--- Information supplied Enclosed Below ---

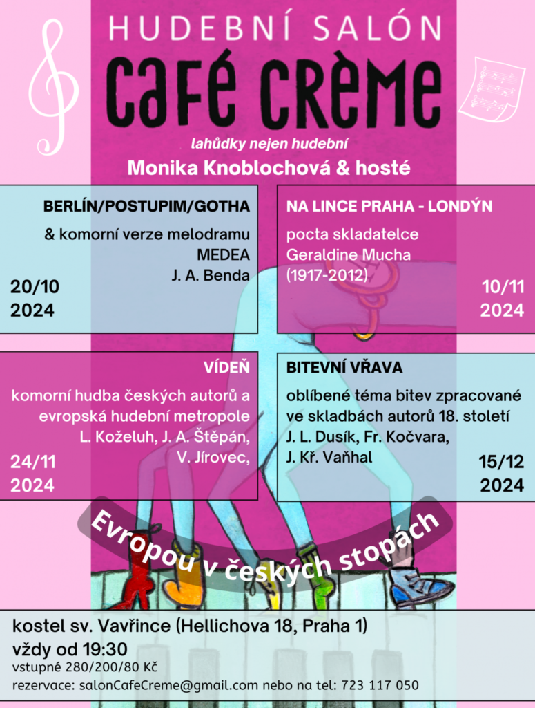 Hudební salón Café crème s podtitulem „lahůdky nejen hudební“ je cyklus čtyř koncertů cembalistky Moniky Knoblochové a jejích hostů. A po každém skutečně následuje malé domácí občerstvení. Podzimní řada večerů pod záštitou Pražského jara začíná 20. října v půl osmé koncertem v sídle festivalu, v kostele sv. Vavřince na Malé Straně.
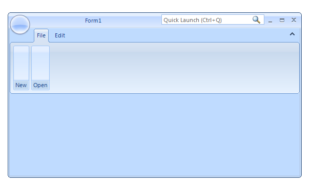 You can achieve your requirement by inserting the desired search box in the RibbonBarElement.RibbonCaption.SystemButtons.Children collection. Here is a sample implementation:
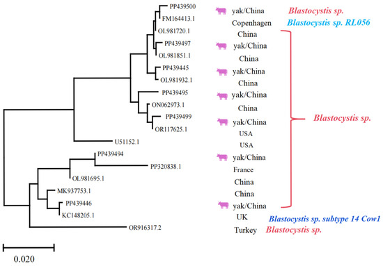 Multiple sequence alignment analysis of the Blastocystis spp. Lhasa isolates and reference sequences. The purple cattle indicate the sequences acquired from the current study. The scale bar at the bottom (0.020) indicates the genetic distance.
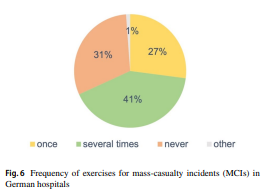 이와 함께 우리는 독일 외상센터에서 대량 사상자 훈련이 얼마나 자주 실시되는지도 물었다(그림 6). 응답자의 절반 이상은 그러한 훈련이 한 번도 실시된 적이 없거나 단 한 차례만 이루어졌다고 답했다.
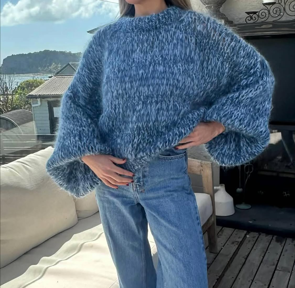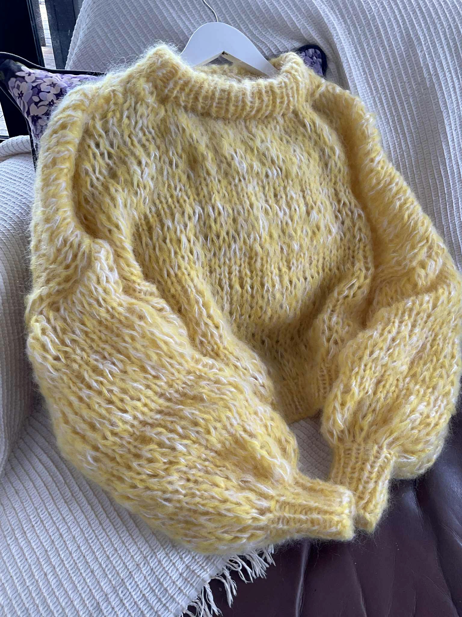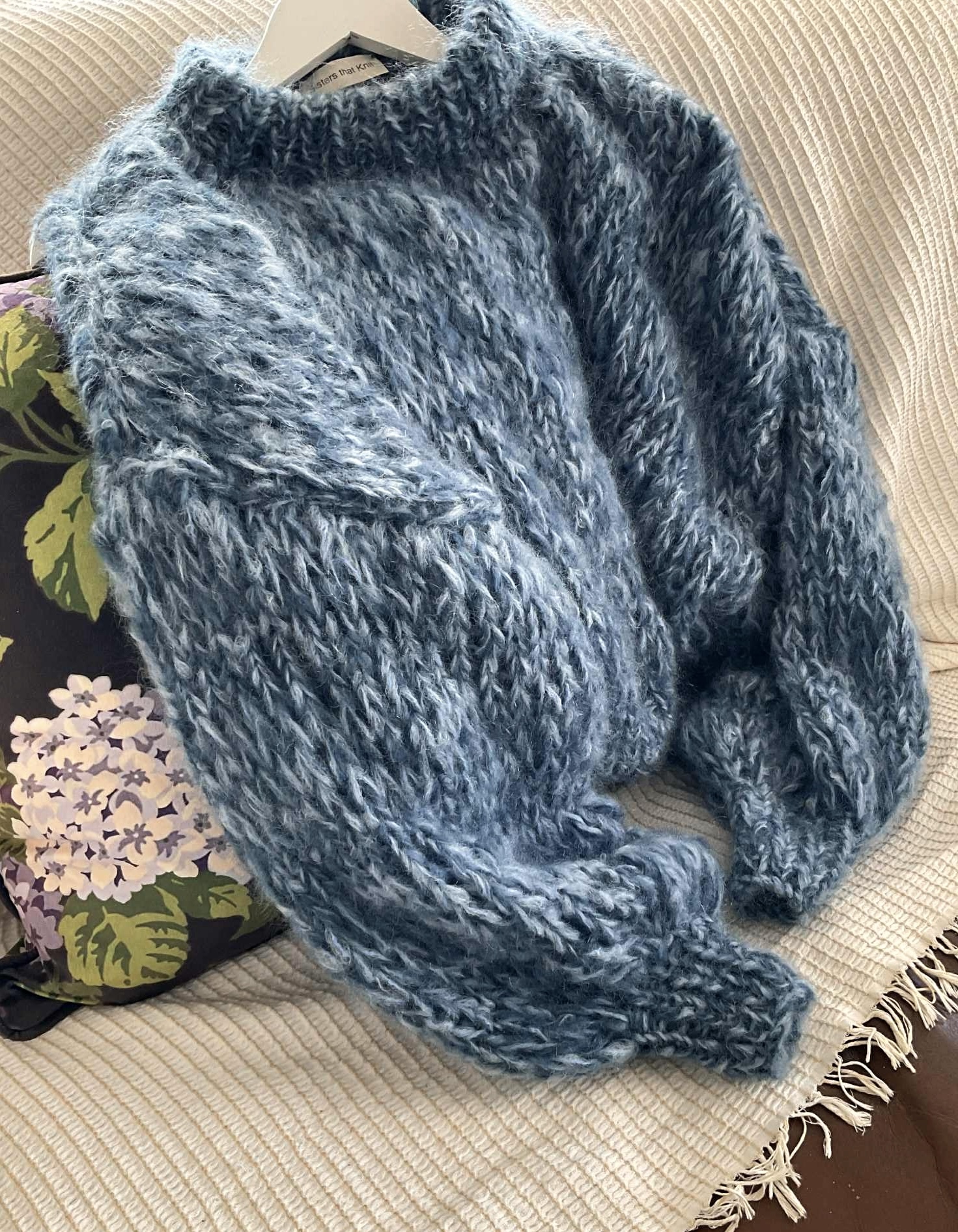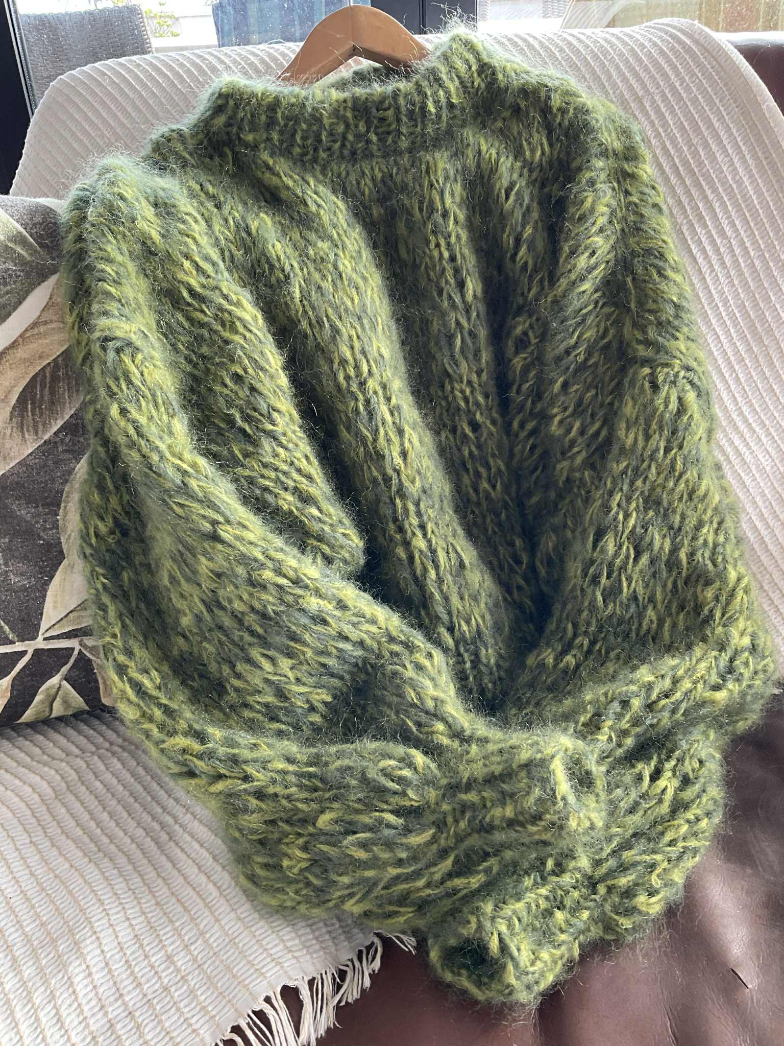 Wrap yourself in colour and comfort with this hand-knitted mohair piece — a true labour of love. Each sweater is crafted by hand, making every one unique in its blend of tones and textures. The soft mohair yarn gives it a lightweight yet luxuriously warm feel, perfect for layering across seasons.
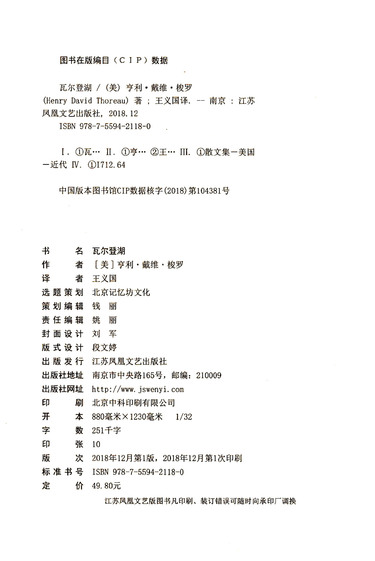 | 作者 | (美)亨利·戴维·梭罗 |

--- End of Enclosed Information supplied ---

◆ What you need to do: With pictures omitted, reproduce exactly the lines from the line containing "Multiple sequence alignment" through the end of the data above.

◆ Exercise response:
 Multiple sequence alignment analysis of the Blastocystis spp. Lhasa isolates and reference sequences. The purple cattle indicate the sequences acquired from the current study. The scale bar at the bottom (0.020) indicates the genetic distance.
 이와 함께 우리는 독일 외상센터에서 대량 사상자 훈련이 얼마나 자주 실시되는지도 물었다(그림 6). 응답자의 절반 이상은 그러한 훈련이 한 번도 실시된 적이 없거나 단 한 차례만 이루어졌다고 답했다.
 Wrap yourself in colour and comfort with this hand-knitted mohair piece — a true labour of love. Each sweater is crafted by hand, making every one unique in its blend of tones and textures. The soft mohair yarn gives it a lightweight yet luxuriously warm feel, perfect for layering across seasons.
 | 作者 | (美)亨利·戴维·梭罗 |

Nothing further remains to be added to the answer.